Random forest is the most prefered and mostly used algorithm in data science projects for best results. It is an ensemble of decision trees that builds and combines multiple decision trees to gives a more accurate prediction. Each decision tree model is weak when epmloyed on its own, but it becomes stable when put together.
It is random because it operates by choosing predictors randomly at the time of training the model.
It is called a forest because it takes the output of multiple decision trees to make a decision.
After loading my data unto Rstudio, my next step will be spliting data.
library(caTools)
set.seed(123)
split <- sample.split(hr, SplitRatio = 0.75)
#split
training_set = subset(hr, split == TRUE)
test_set = subset(hr, split == FALSE)
# install.packages('randomForest')
library(randomForest)
classifier <- randomForest(x = training_set[-7],
y = training_set$left,
ntree = 500)
#bestmtry<-tuneRF(training_set,training_set$left,stepFactor = 1.2,improve = 0.01,trace = T,plot = T)

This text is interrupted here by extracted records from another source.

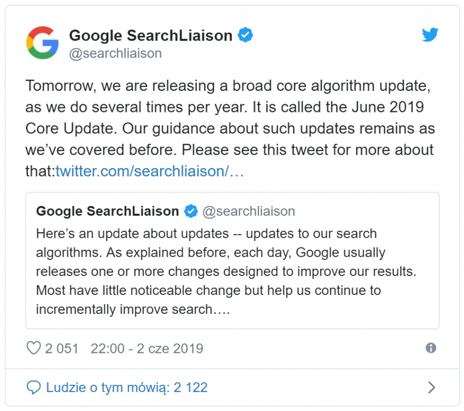 Google, w trosce o swoich odbiorców, nawet kilkaset razy do roku aktualizuje algorytmy odpowiadające za wyniki wyszukiwania. W większości są to niewielkie zmiany, jednak kilka razy w roku SEO-wcy muszą zmierzyć się z dużymi update’ami, o których zresztą do tej pory dowiadywali się po fakcie. W tym roku, po raz pierwszy, Google oficjalnie poinformował na swoim koncie na Twitterze o większej aktualizacji: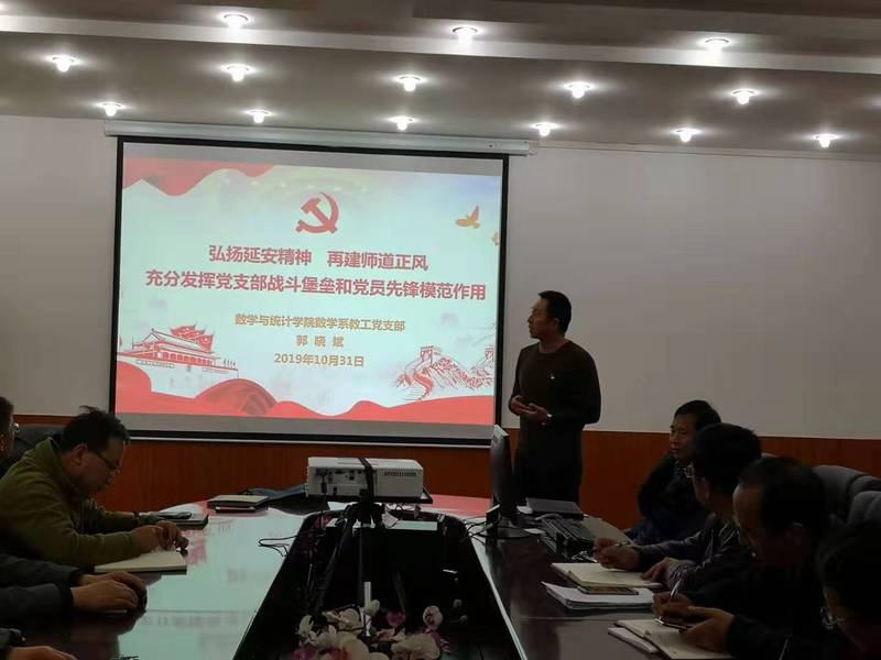数学系教工党支部书记郭晓斌以“弘扬延安精神,再建师道正风——充分发挥党支部战斗堡垒和党员先锋模范作用”为题,结合自己暑期在延安参加培训的学习心得体会,围绕四个方面讲党课。一是什么是延安精神、延安精神的具体内涵以及新时代如何践行延安精神;二是数学系教工党支部从抓住着力点,围绕主线,突出政治引领;选好切入点,创新方式,激发支部活力;找准结合点,群体示范,实现双融双促方面所做的实践与探索;三是立德树人,爱岗敬业,充分发挥党支部战斗堡垒和党员先锋模范作用;四是在进一步用专业素养提升党建工作的内涵,增强党建工作的厚度和温度,以党建工作为源动力,充分发挥党员教师在全领域的引领作用,促进一流团队建设方面所做的思考。郭老师的讲解通过大量生动的事例,使在场教职工纷纷感恩自己生活在幸福美好的新时代,并期盼祖国取得更大进步,公司的明天更美好,公司在主题教育中取得实效。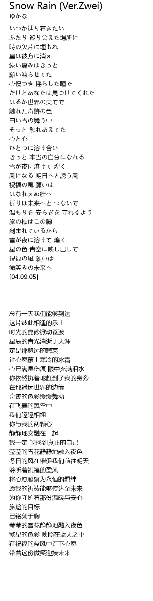 | Song | Snow Rain (Ver.Zwei) |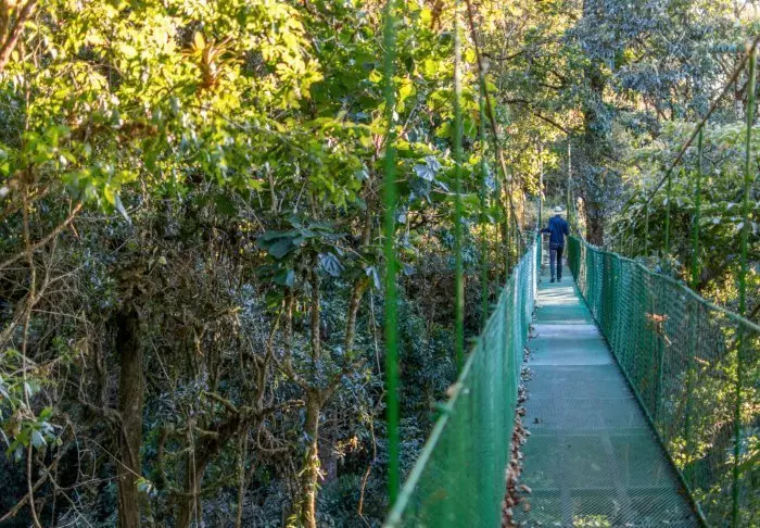Wenn Sie sich für die Jaguarundi Lodge entscheiden, übernachten Sie zentral im kleinen Dorf Santa Elena, das in der Nähe des wunderschönen Nebelregenwaldes von Monteverde liegt. Nicht weit entfernt finden Sie Restaurants, Cafés und kurze Wanderrouten. Das Hotel ist dafür bekannt, im „Hintergarten“ eine eigene Hängebrücke zu haben. Und so können Sie den Tag auch mit einem Spaziergang direkt in der grünen Natur beginnen, in der sich die vielen Tiere in diesem Gebiet tummeln.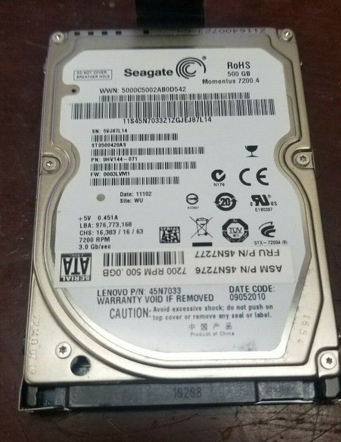 Lenovo Thinkpad 45n7277 500gb 7200rpm 2 5 Sata Notebook Hard

I am running my classifier using a random forest function, the ntree is an arbitrary number of trees to help me determine later if my model still needs optimization or has stabilized.

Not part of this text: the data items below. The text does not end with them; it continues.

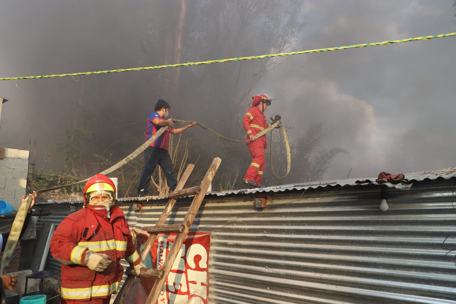 Se continúa en la labor de extinción de un incendio de gran magnitud en la 39 calle y 31 avenida final, zona 7 colonia Amparo 2; varias casas han sido afectadas por el fuego. El incendio inició como forestal y posteriormente por el viento se propagó a las viviendas#CVBalServicio pic.twitter.com/lL4Yz9lbtj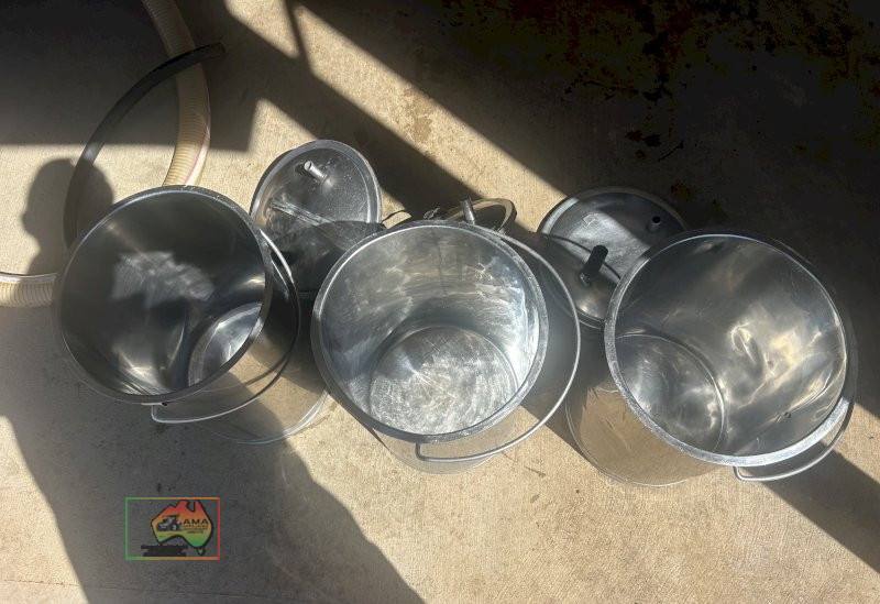 3 x stainless steel dairy test buckets ~ complete with lids ~ need hoses and seals
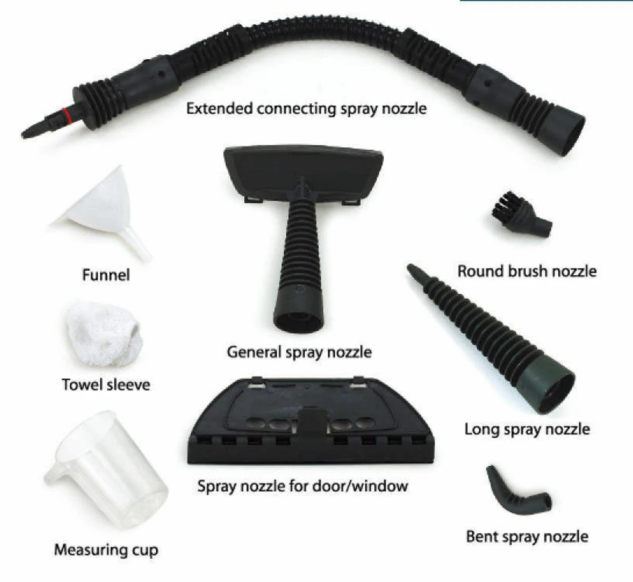 - 9 Foot Power Cord For Easy Mobility also Includes a Flexible extension hose, Bent spray nozzle, Round brush nozzle, Long spray nozzle, Door/window nozzle and more

y_pred = predict(classifier, newdata = test_set[-7])
#y_pred
cm <- table(test_set$left,y_pred)
misClassError<-mean(test_set$left!=y_pred)
#print(paste('Accuracy=',1-misClassError))
library(caret)
confusionMatrix(cm)
## Confusion Matrix and Statistics
##
## y_pred
## 0 1
## 0 3424 5
## 1 28 1043
##
## Accuracy : 0.9927
## 95% CI : (0.9897, 0.9949)
## No Information Rate : 0.7671
## P-Value [Acc > NIR] : < 2.2e-16
##
## Kappa : 0.9796
##
## Mcnemar's Test P-Value : 0.0001283
##
## Sensitivity : 0.9919
## Specificity : 0.9952
## Pos Pred Value : 0.9985
## Neg Pred Value : 0.9739
## Prevalence : 0.7671
## Detection Rate : 0.7609
## Detection Prevalence : 0.7620
## Balanced Accuracy : 0.9936
##
## 'Positive' Class : 0
##
The information I gather from the confusion matrix is; a high degree of accuracy and a general high score in sensitivity and specificity, which is indeed a good model. Doing a quick comparison with decision tree model you realise that there is an improvement with this Random Forest model.
plot(classifier)
The above plot on the classifier illustrate the number of trees that best optimise the model. By growing the trees more and more you understand from the figure if my error decreases or not. If it were still decreasing I would probably go and change, ntree, from my classifier to accomadate this calculation. It is not decreasing further infact it decreased until at some point in 30 trees and there was no improvements by growing more trees.
importance(classifier)
## MeanDecreaseGini
## satisfaction_level 1311.316790
## last_evaluation 450.771887
## number_project 639.670532
## average_montly_hours 562.505808
## time_spend_company 699.796376
## Work_accident 21.226730
## promotion_last_5years 3.825953
## department 66.347186
## salary 30.727622
varImpPlot(classifier)
The best thing about Random Forest, it has an inbuilt variable importance function, varImpPlot. In earlier models we used to check on p-value but in Random Forest, it is a diagnostic tool to explain the WHY in a problem statement. The most important variable in the analysis is displayed in the plot sequentially to illustrate the significance of each individual attribute.
By looking at the plot you understand why this happened. For instance, why is the organization experiencing staff turnover; you realise that the satisfaction level in this organisation plays a major role with this churn problem. Time spent, number of projects, and average monthly hours put in by the employees comes below respectively. Salary comes a distant 7th in the list.